Infatuation has an element of sexual excitement. Whenever you are together you hope it will end in intimacy. Love is not based on sex. It is the maturation of friendship that makes sex so much sweeter. You must be friends before you can be lovers.

Infatuation lacks confidence. When he’s away, you wonder if he is cheating. Sometimes you check.

Love means trust. You are calm, secure and unthreatened. He feels your trust, and it makes him even more trustworthy.

Infatuation might lead you to do things you will regret, but love never steers you in the wrong direction.

Love is elevating. It lifts you up. It makes you look up. It makes you think up. It makes you a better person than you were before.”


----------



## J needs help

Question - What do you want out of this marriage? Do you want kids? Re: Sex - Do you enjoy sex or is the sex so lame you can't bother with it? Did you not have sex with him before you got married? To me it seems you would rather be single spending money where and whenever you want. 

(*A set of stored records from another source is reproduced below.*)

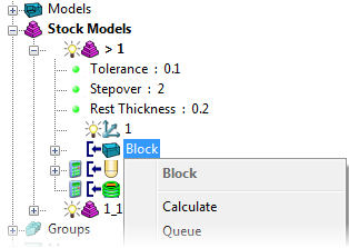 队列 - 选择此项可检查用于计算残留模型的所有参数是否合理、向计算队列添加残留模型,以及关闭对话框。PowerMill 空闲时,会在后台计算残留模型。
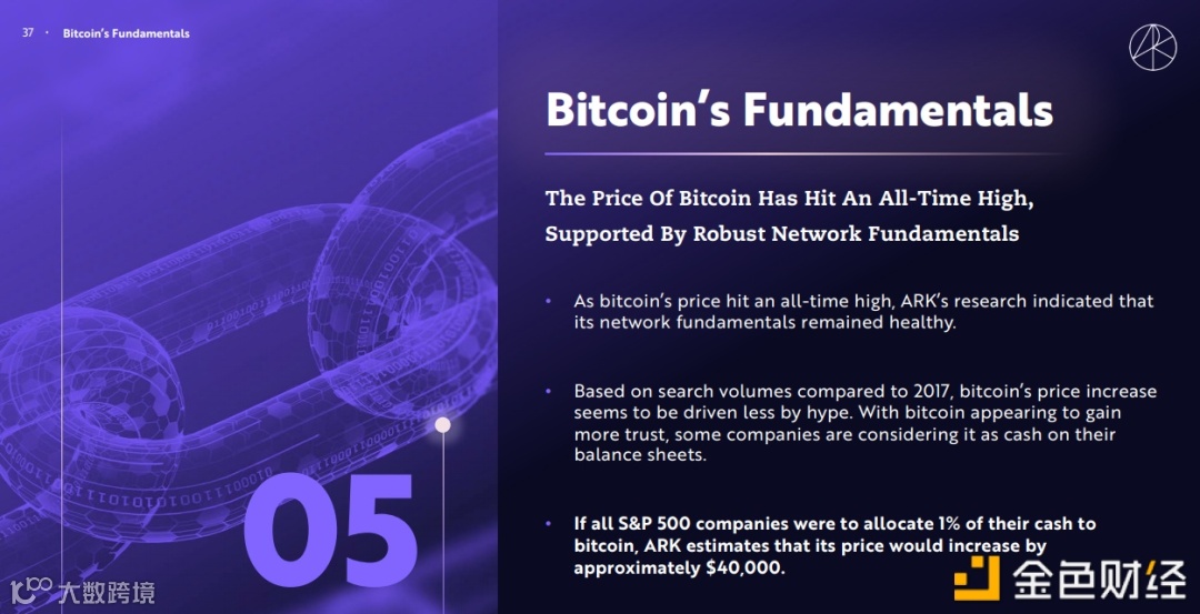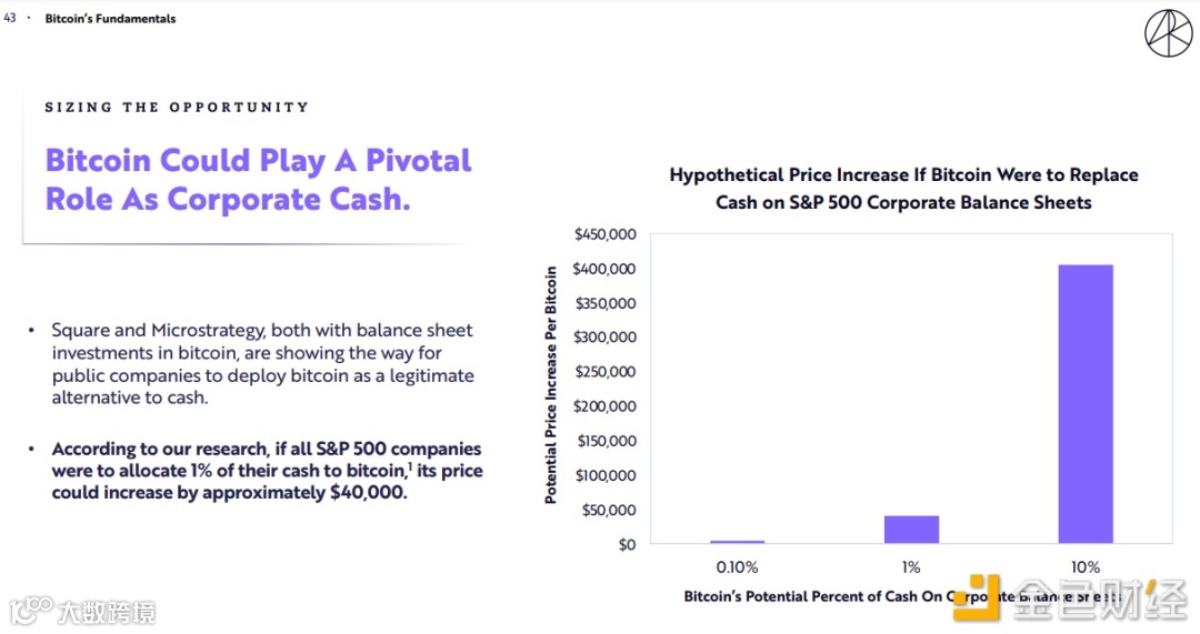 ARK分析发现,如果所有标准普尔500强公司都将1%的现金用于比特币,比特币价格将上涨约4万美元;机构投资者在2.5%至6.5%之间配置其资产,可能让比特币的价格升至20万美元到50万美元。
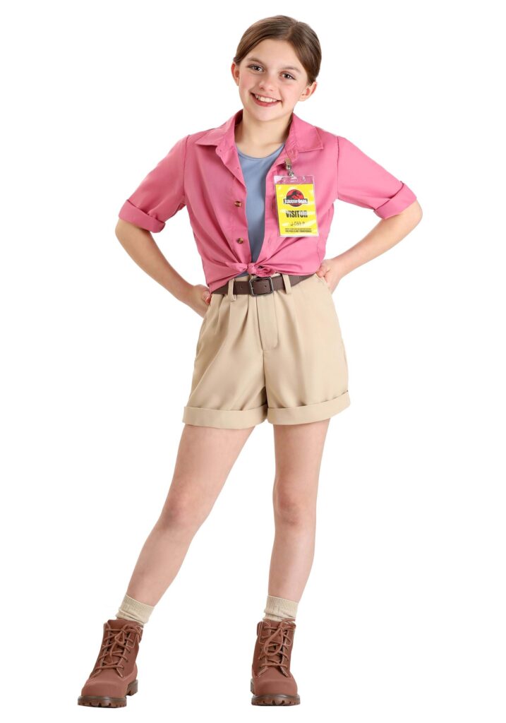 This costume nails that laid-back, jungle explorer look. It comes with a stretchy jersey tank top that layers underneath a pink challis camp shirt, which has buttons down the front. The camp shirt is light and comfortable, so your little Dr. Sattler can stay cool whether they’re battling dino-sized challenges or just doing some casual fossil hunting in the backyard. The cuffed twill shorts have a zipper fly and belt loops.Now, what’s a Jurassic Park visitor without a badge? This officially licensed costume comes with a cardboard visitor badge that slides into a clear plastic sleeve and clips right onto the shirt, just like a real guest at the park. It’s all the official swag of the park, minus the terrifying dino chases. And did we mention it’s officially licensed from Jurassic Park? Yeah, your kid’s not just playing pretend, they’re stepping into movie history.The Dino DodgerWhether they’re headed on a helicopter ride to the infamous Isla Nublar, or just hanging out with their dino toys in the backyard, this Dr. Ellie Sattler costume is perfect for any young adventurer. It’s practical, it’s stylish, and it’ll have them ready for any Jurassic-sized adventure that comes their way. Just make sure you teach your child how to dodge a T-Rex, should it show up at your doorstep!
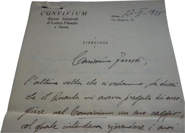 Lettera da Carlo Calcaterra, direttore della rivista Convivium (Milano, 1935)
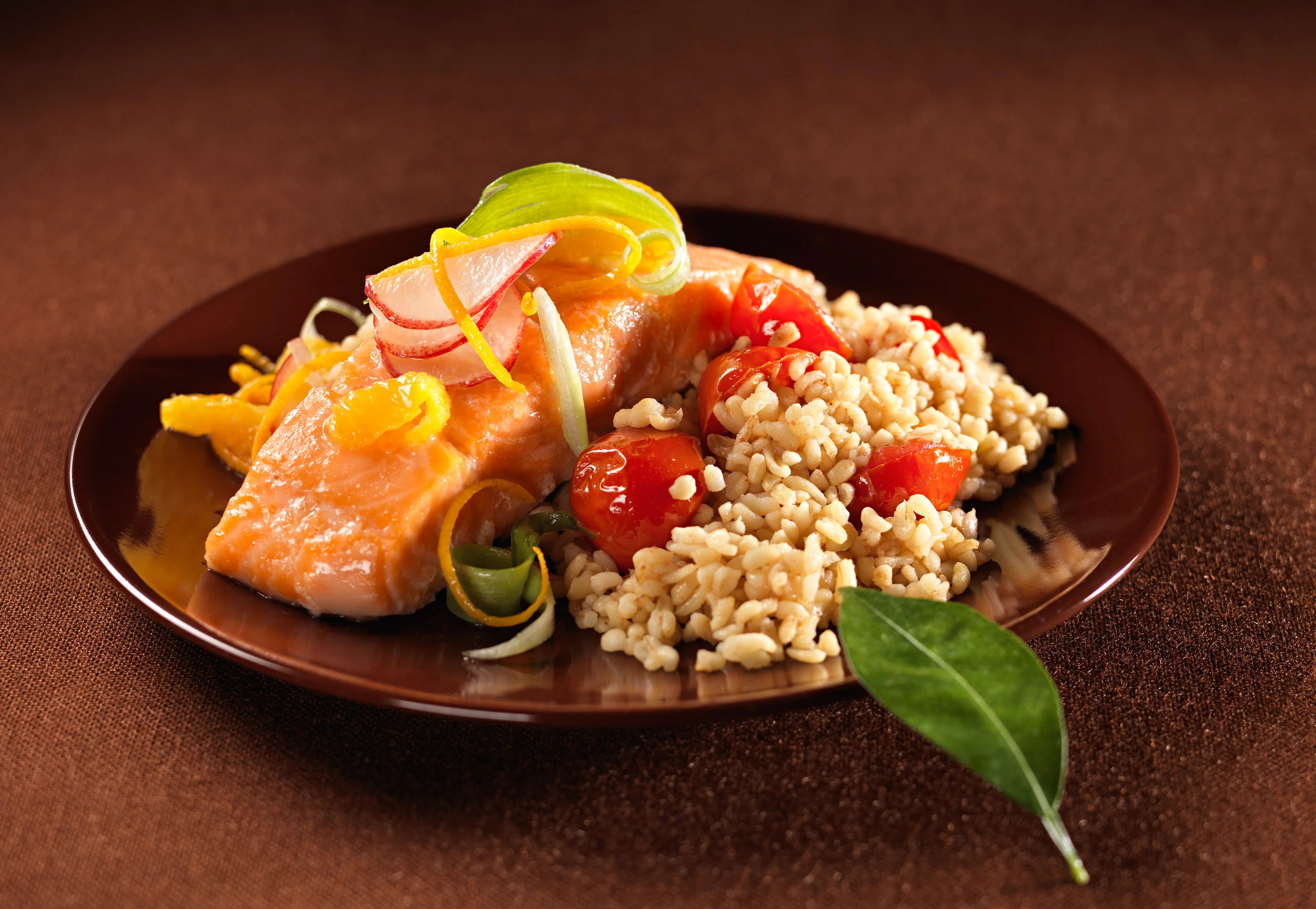 Lachsfilets aus dem Rohr nehmen, mit Orangen, Radieschen, Jungzwiebeln und Bulgursalat servieren.
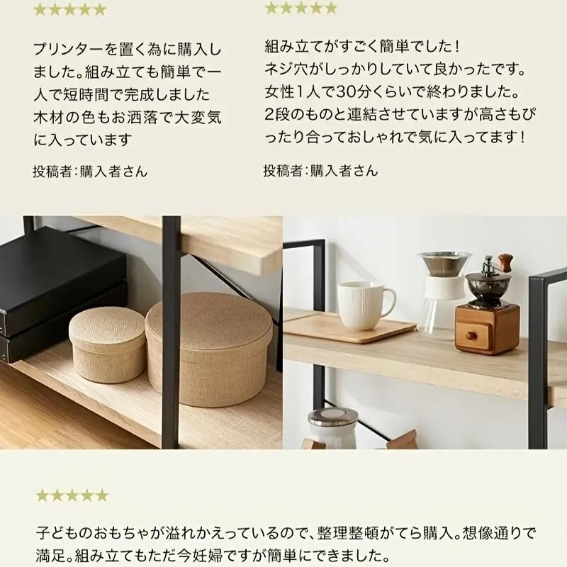 スチールフレームと木製棚の組み合わせが、ナチュラルでモダンな雰囲気を演出します。

There are 3 things that are deal breakers when it comes to marriage 

Sex , Money and Religion ....... These are the most important issues to figure pre-marriage....

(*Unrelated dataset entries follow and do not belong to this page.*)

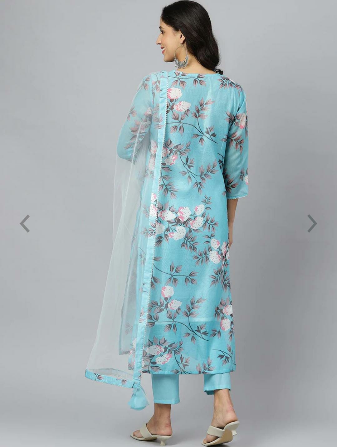 Blue Floral Printed Kurta With Trousers with Dupatta(Indian Outfit)
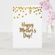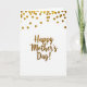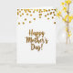 This greeting card features a simple white background with a warm, celebratory look that feels like a gentle hug ❤️. Centered on the front is the message “Happy Mother’s Day!” in a rich gold color, sized large enough to catch the eye right away. The lettering has smooth, flowing strokes that give the words a soft, affectionate tone without needing any extra imagery. Above the text, small round gold dots seem to drift downward like confetti, adding a light, friendly sparkle to the open space. The dots vary slightly in size and texture, creating the impression of a shiny, foil-like finish that catches light as you look across the card. With so much white space around the gold details, the design feels airy and calm, like a quiet moment shared with someone you care about 🌼. The gold message sits in the middle while the scattered dots cluster more toward the top, leaving the lower area mostly clear and bright. The upper portion shows a loose shower of golden circles fading as they fall across the white background.
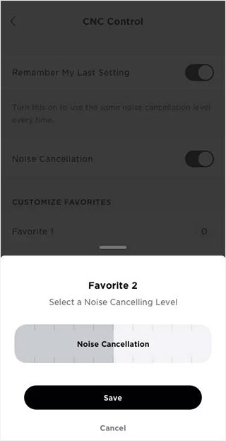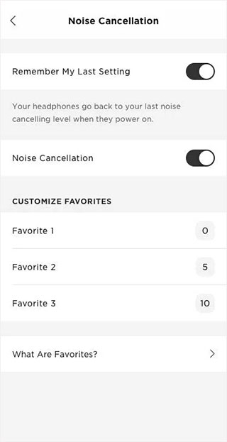 在Bose Music应用程序里,利用您产品屏幕上的“Noise Cancellation(噪声消除)”滑块,把噪声消除程度从最低(滑块左侧)调节至最高(滑块右侧)。
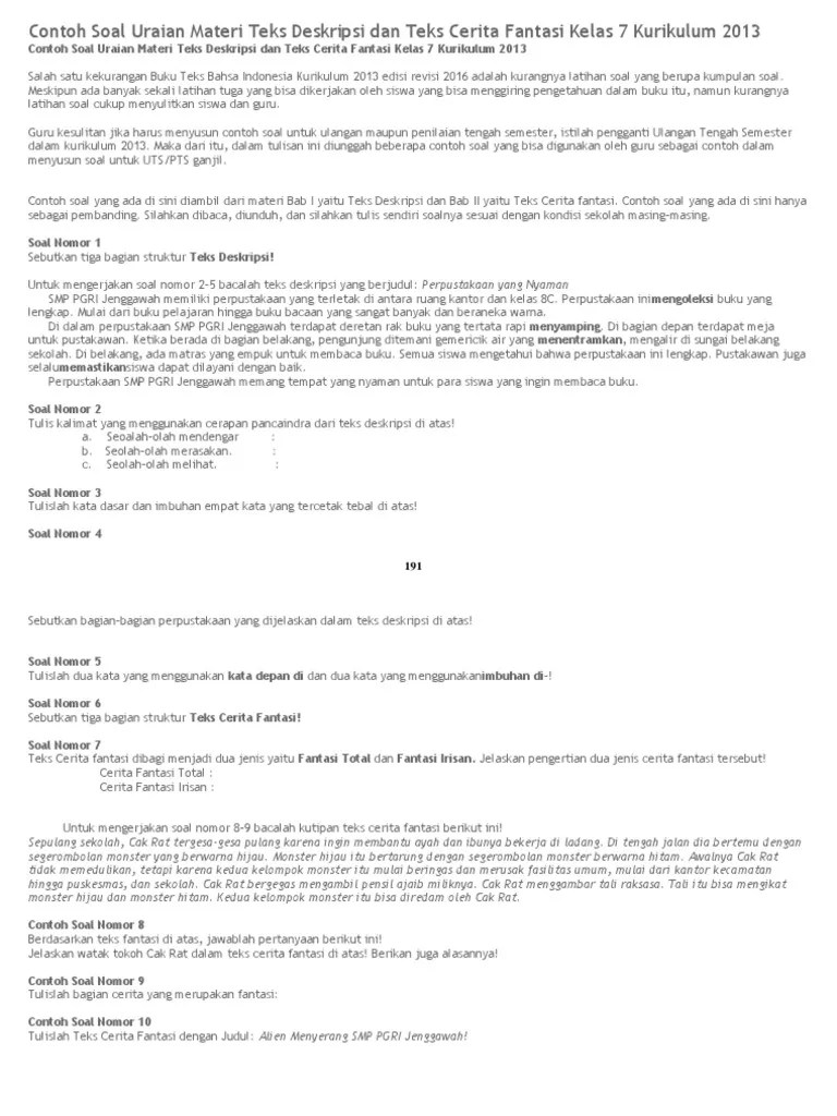 Contoh Soal Teks Deskripsi Kelas 7 Kurikulum 2013 Cute766

"Marriage doesn't fail, people fail marriage" 

You should be honest with him and tell him you really don't love him and are considering a divorce..... But have you really tried to to work on these issues or is it that you don't care too?

Unfortunately with marriage comes alot of compromise and work... I know that from my experience. My wife sounds like you a bit, besides the point of wanting a divorce...


----------



## keke1

Hello,

I just wanted to know how your story turned out.....


----------